Statistical analysis

Descriptive statistics were used to summarise maternal, infant and birth covariates in each exposure group (NTP, GH or PE), as well as the excluded cohort. Developmental outcomes including ASQ-3 domains failed, BSID-III scaled scores and developmental delay in each BSID-III domain were compared between groups using independent samples T-tests and one-way ANOVA tests (parametric continuous data), Kruskal-Wallis tests (non-parametric continuous data), with Tukey post-hoc analysis to account for multiple comparisons, and Chi-Square or Fisher’s exact tests (categorical data).
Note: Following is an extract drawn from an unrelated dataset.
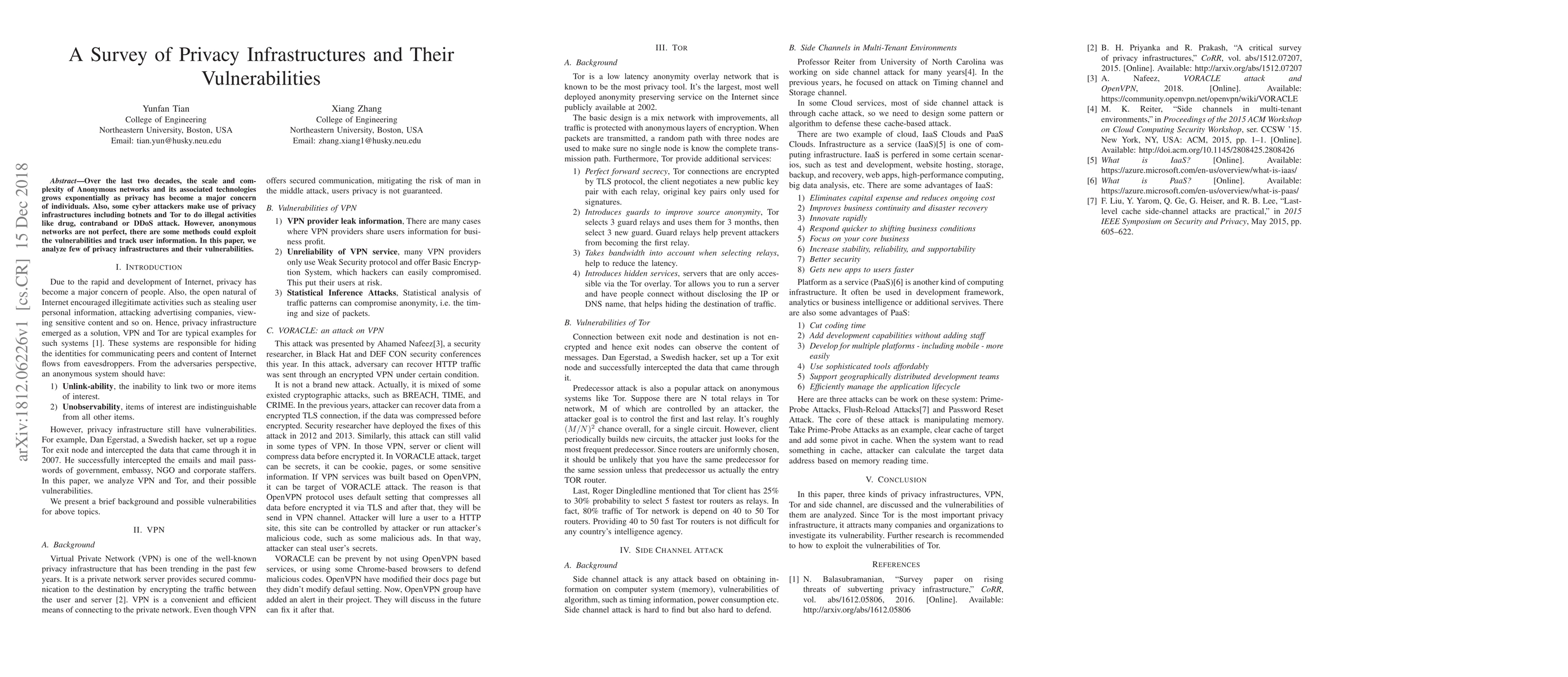 Over the last two decades, the scale and complexity of Anonymous networks and its associated technologies grows exponentially as privacy has become a major concern of individuals. Also, some cyber attackers make use of privacy infrastructures including botnets and Tor to do illegal activities like drug, contraband or DDoS attack. However, anonymous networks are not perfect, there are some methods could exploit the vulnerabilities and track user information. In this paper, we analyze few of privacy infrastructures and their vulnerabilities.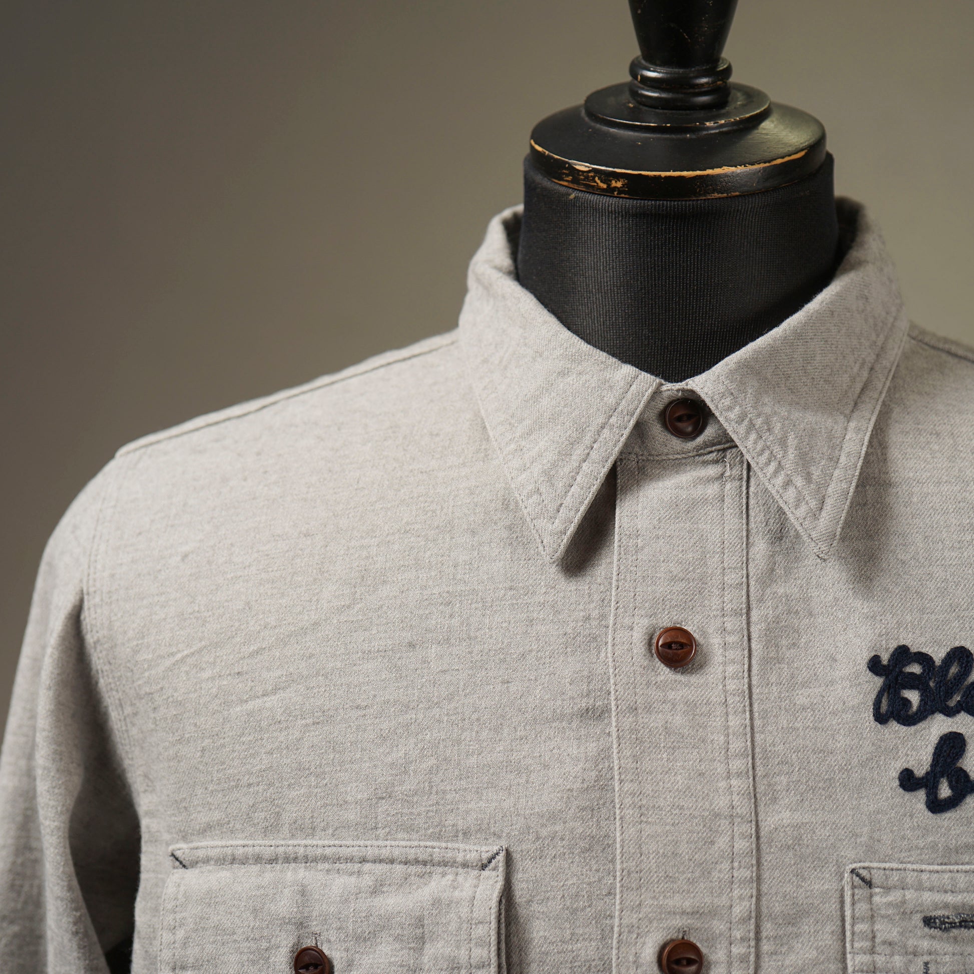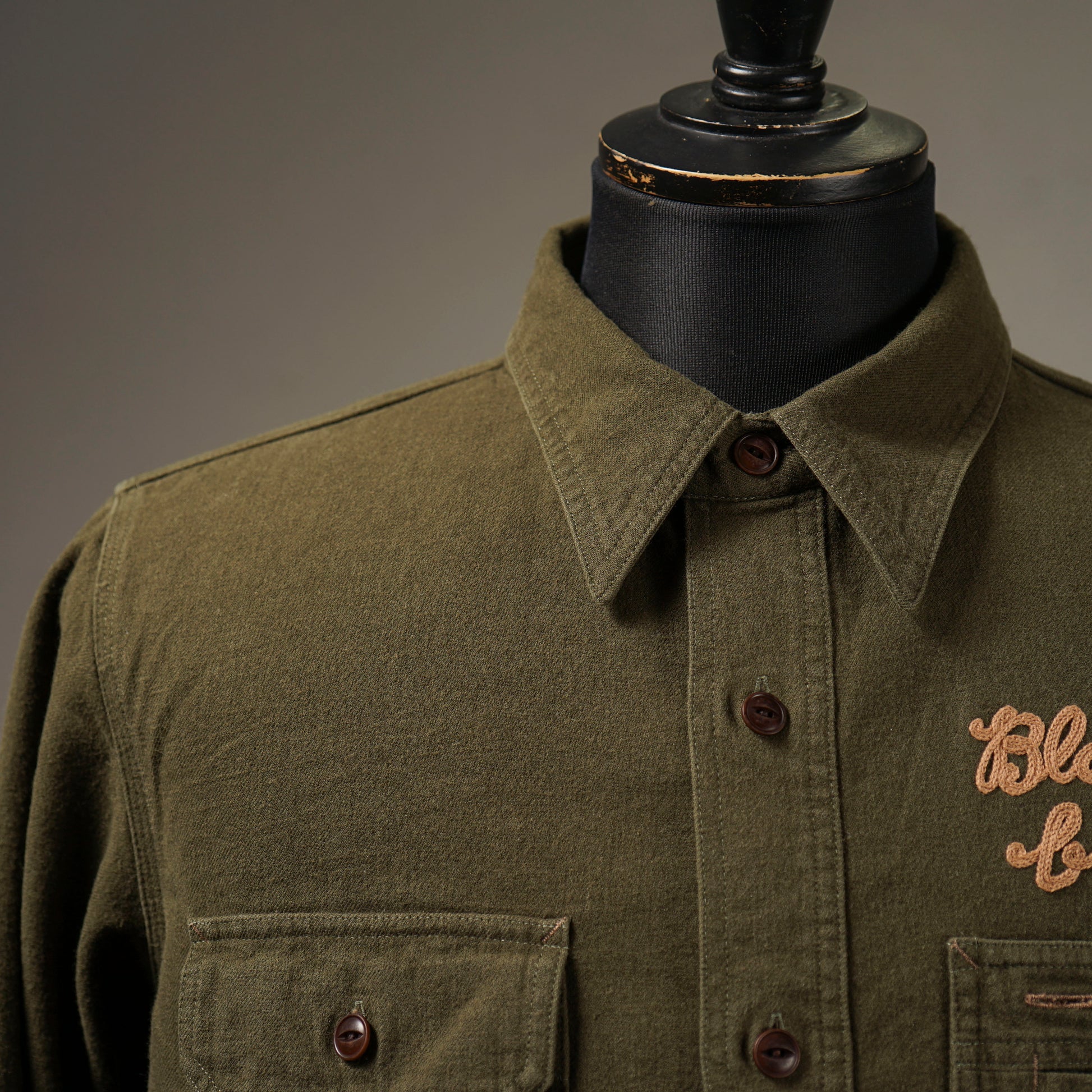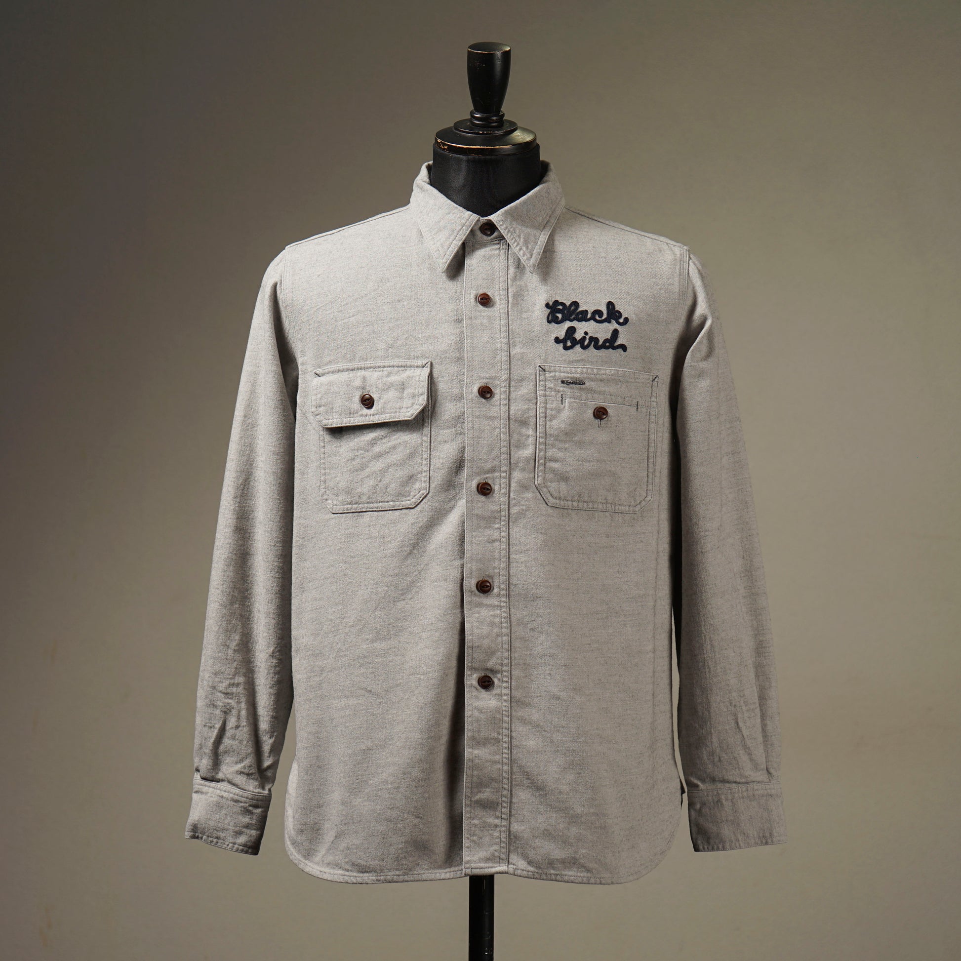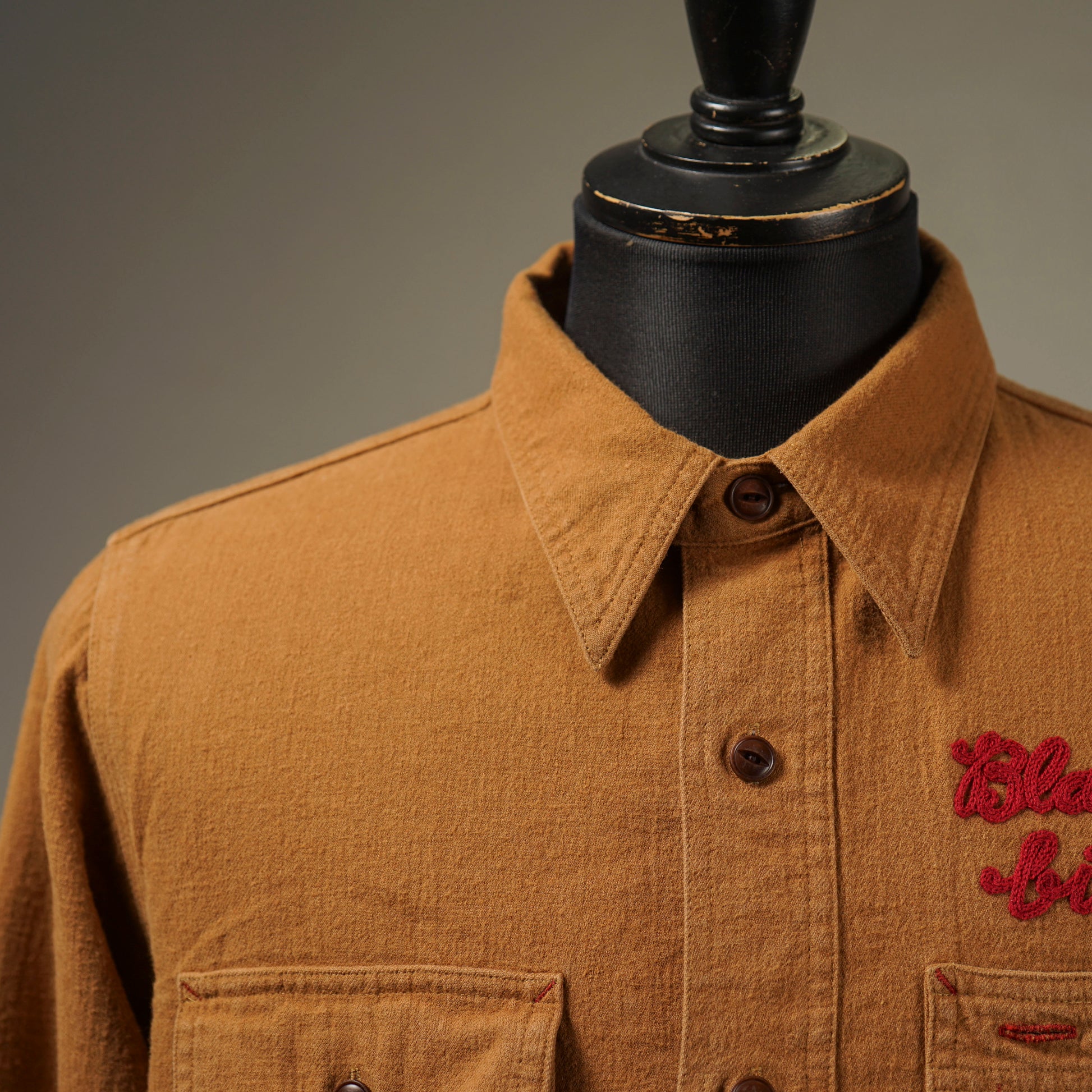 1940年代のWORK SHIRTをベースにしたチンストラップ付きで、左右非対称なガチャポケ仕様にデザイン。ワークシャツらしい、やや余裕を持たせたレギュラーフィットシルエット。前後のチェーン刺繍や、配色のカンヌキ、前立て裏や袖口部分の別布使いがアクセントとなっています。

Associations between infant psychomotor development and covariates were explored using multivariable linear regression and binary logistic regression, including adjustment for known determinants of infant neurodevelopment such as SGA status, prematurity status, maternal education, maternal employment, maternal EPDS scores and other pregnancy complications. Statistical analysis was performed using IBM SPSS Statistics, version 26.0 (Chicago, IL). A two-tailed p-value of 0.05 was considered statistically significant in univariate analyses. In logistic regression models, Bonferroni corrections were applied to correct for multiple comparisons.

Results

Of the 415 infants initially enrolled in the P4 study, 369 (NTP = 274, 91%; GH = 20, 87%; PE = 75, 83%) had completed at least one or both the 2-year ASQ-3 surveys (n = 346), or 2-year BSID-III assessments (n = 310) (Fig. 1).
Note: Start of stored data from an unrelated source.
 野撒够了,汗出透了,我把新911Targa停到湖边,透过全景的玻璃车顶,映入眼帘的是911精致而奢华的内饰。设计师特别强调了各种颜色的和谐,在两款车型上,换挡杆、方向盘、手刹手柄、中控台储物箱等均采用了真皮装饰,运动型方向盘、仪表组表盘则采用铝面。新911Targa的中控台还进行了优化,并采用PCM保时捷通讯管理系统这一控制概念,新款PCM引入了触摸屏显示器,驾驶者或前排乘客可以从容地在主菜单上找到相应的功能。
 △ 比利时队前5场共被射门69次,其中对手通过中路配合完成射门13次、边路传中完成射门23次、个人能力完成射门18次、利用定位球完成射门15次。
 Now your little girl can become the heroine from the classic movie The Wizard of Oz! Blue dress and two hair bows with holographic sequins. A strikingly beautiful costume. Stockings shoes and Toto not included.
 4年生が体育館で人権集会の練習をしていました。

Table 1 details the parental demographic, maternal health, birth and infant health information of included participants. There were no statistically significant differences in parental demographic, maternal health, birth and infant health outcomes between retained participants and those lost to follow up. Compared to the NTP group, GH and PE mothers had poorer measures of postpartum physical health including higher blood pressure and insulin resistance. Compared to the NTP group, GH and PE mothers were more likely to give birth via elective or emergency caesarean section and have been nulliparous in the index pregnancy. Compared to other groups, PE-exposed infants were more likely to be born preterm, SGA, be admitted to a NICU or SCN, and were breastfed for a shorter duration.

Table 1.

Parental demographic, maternal health, birth and infant health details of infants with intrauterine exposure to a normotensive pregnancy, gestational hypertension or preeclampsia

Abbreviations: BMI, body mass index; BP, blood pressure; EPDS, Edinburgh Postnatal Depression Score; GH, gestational hypertension; HOMA-IR, Homeostatic Model Assessment for Insulin Resistance; IQR, interquartile range; kg, kilograms; LTFU, loss to follow up (therefore excluded from further analyses); m, metres; mmHg, millimetres of mercury; N, number; N/a, not assessed due to lack of data/LTFU; NICU/SCN, neonatal intensive care unit/special care nursery; NTP, normotensive pregnancy; PE, preeclampsia; SD, standard deviation; SGA, small for gestational age. *Median (IQR) gestation of booking visit = 13 (3) weeks. xGH and PE groups did not significantly vary but were significantly greater than the NTP group. Missing data: a n = 60, b n = 176, c n = 4, d n = 181, e n = 1, f n = 6, g n = 27, h n = 8, i n = 14.

Univariate analyses

Table 2 details 6-month and 2-year ASQ-3 developmental outcomes. Compared to NTP or GH-exposed infants, a higher proportion of PE-exposed infants failed 4 of 5 domains, and at least 1 ASQ-3 domain at 6 months (NTP = 18%, GH = 5%, PE = 28%, p = 0.07), however this difference was not statistically significant.

Table 2.

Infant ASQ-3 outcomes after intrauterine exposure to a normotensive pregnancy, gestational hypertension or preeclampsia

Abbreviations: ASQ-3, Ages and Stages Questionnaires, Third Edition; GH, gestational hypertension; IQR, interquartile range; N, number; NTP, normotensive pregnancy; PE, preeclampsia. Missing data: a n = 26, b n = 43, c n = 6.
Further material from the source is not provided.